* What you should do
What you return must match the listing exactly, with every image removed.

* Dataset section

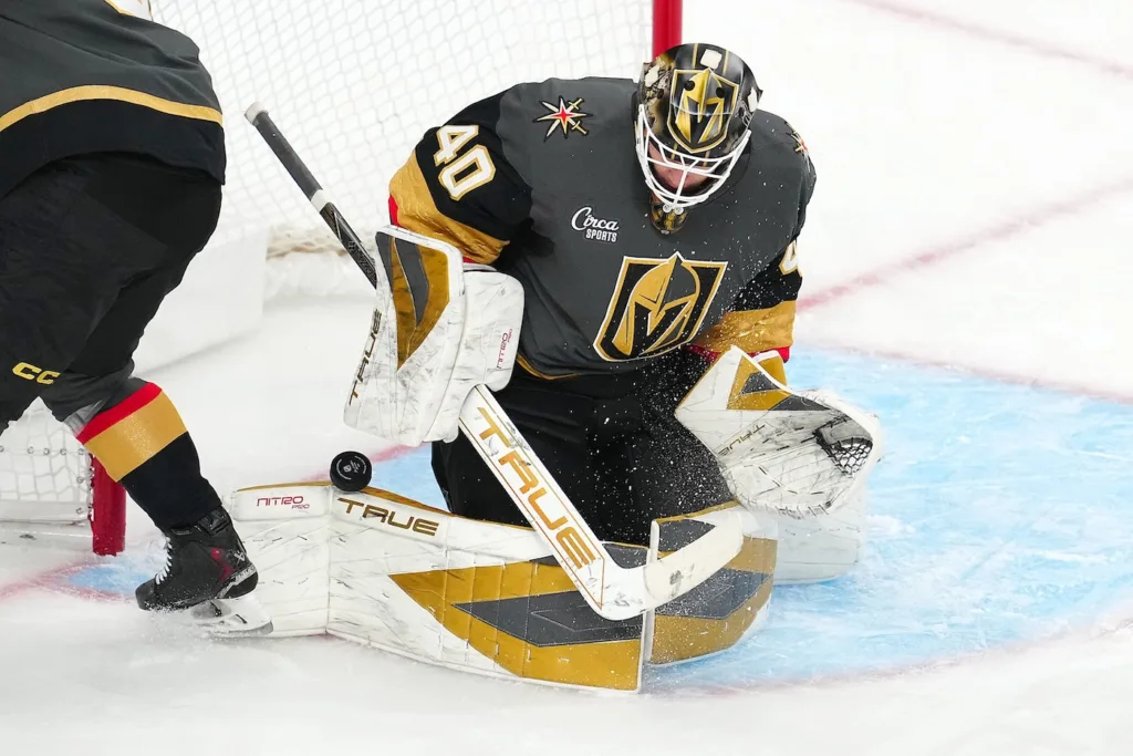 Akira Schmid har gjort 29 matcher för Vegas Golden Knights i NHL denna säsong.
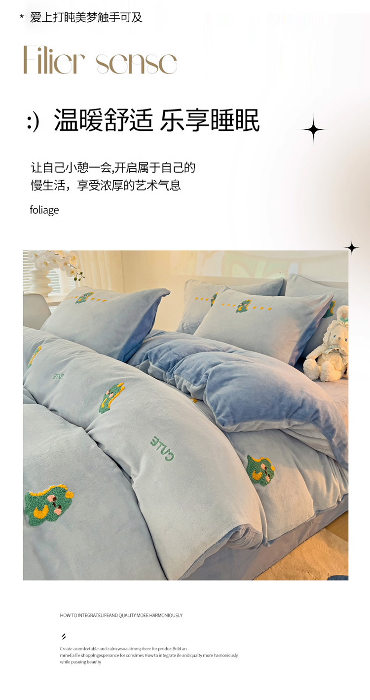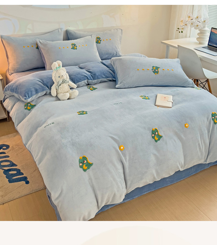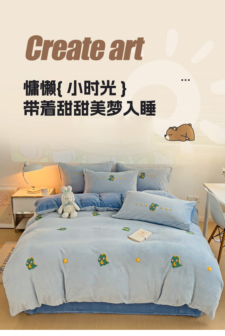 寐居家纺 2023新款高克重牛奶绒毛巾绣四件套 萌宠恐龙-蓝
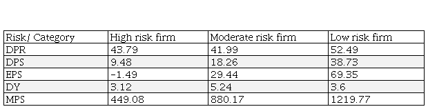 It is observed from the table 5 that the low volatile companies’ (low risk) DPR, DPS, EPS, DY, MPS are 52.49 %, 38.73%, 69.34%, 3.6%, 1219.77 respectively while the high volatile companies’ (high risk) DPR, DPS, EPS, DY, MPS are 43.79 %, 9.47%, -1.49%, 3.12%, 449.08 respectively. So, it is concluded that the high volatile companies’ performance is not satisfactory in related to market issues.

* Expected answer
 Akira Schmid har gjort 29 matcher för Vegas Golden Knights i NHL denna säsong.
 寐居家纺 2023新款高克重牛奶绒毛巾绣四件套 萌宠恐龙-蓝
 It is observed from the table 5 that the low volatile companies’ (low risk) DPR, DPS, EPS, DY, MPS are 52.49 %, 38.73%, 69.34%, 3.6%, 1219.77 respectively while the high volatile companies’ (high risk) DPR, DPS, EPS, DY, MPS are 43.79 %, 9.47%, -1.49%, 3.12%, 449.08 respectively. So, it is concluded that the high volatile companies’ performance is not satisfactory in related to market issues.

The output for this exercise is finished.